◆ **SOURCE RECORDS**:
┌──
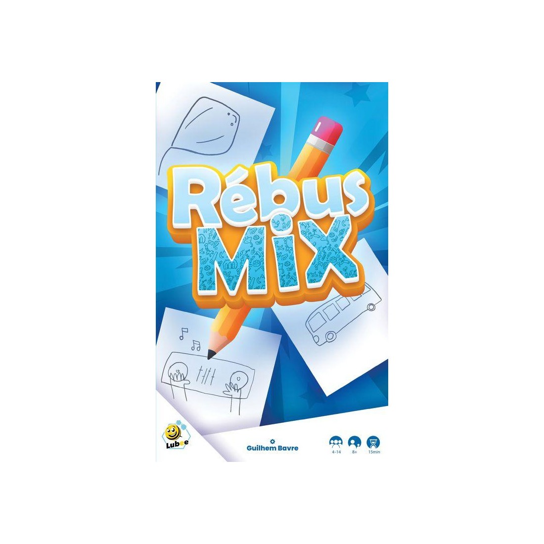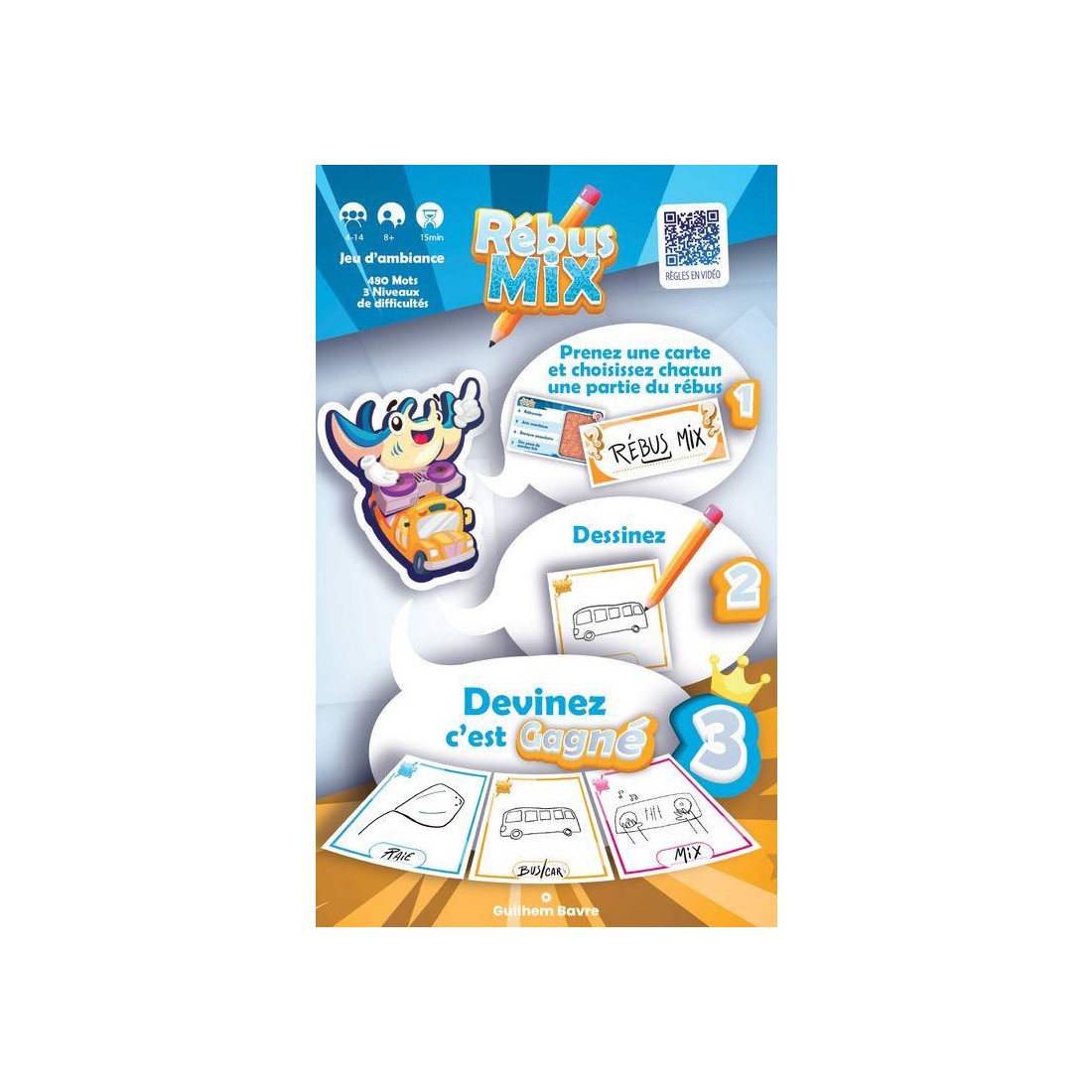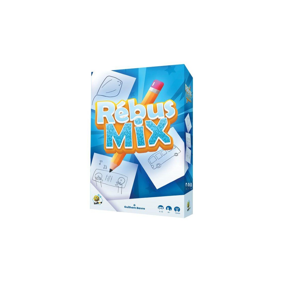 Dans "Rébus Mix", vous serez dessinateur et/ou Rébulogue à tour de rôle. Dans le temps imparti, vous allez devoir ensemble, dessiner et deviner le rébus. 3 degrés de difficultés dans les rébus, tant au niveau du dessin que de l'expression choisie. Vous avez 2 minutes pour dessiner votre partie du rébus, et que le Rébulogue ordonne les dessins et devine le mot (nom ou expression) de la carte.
└──
┌──
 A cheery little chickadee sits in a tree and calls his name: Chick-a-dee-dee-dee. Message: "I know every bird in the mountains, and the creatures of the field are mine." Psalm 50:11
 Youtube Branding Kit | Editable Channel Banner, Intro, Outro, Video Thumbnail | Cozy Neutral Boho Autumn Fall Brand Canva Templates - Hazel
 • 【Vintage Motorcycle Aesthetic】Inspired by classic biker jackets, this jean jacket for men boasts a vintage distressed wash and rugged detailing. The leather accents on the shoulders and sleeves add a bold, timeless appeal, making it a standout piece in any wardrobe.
└──
◆ **ASSIGNMENT**: In the entries above, please find the line with "A cheery little" and the line with "in any wardrobe.", then write out exactly those two lines and every line between them, and nothing more.

◆ **RESULT OF THIS TASK**:
 A cheery little chickadee sits in a tree and calls his name: Chick-a-dee-dee-dee. Message: "I know every bird in the mountains, and the creatures of the field are mine." Psalm 50:11
 Youtube Branding Kit | Editable Channel Banner, Intro, Outro, Video Thumbnail | Cozy Neutral Boho Autumn Fall Brand Canva Templates - Hazel
 • 【Vintage Motorcycle Aesthetic】Inspired by classic biker jackets, this jean jacket for men boasts a vintage distressed wash and rugged detailing. The leather accents on the shoulders and sleeves add a bold, timeless appeal, making it a standout piece in any wardrobe.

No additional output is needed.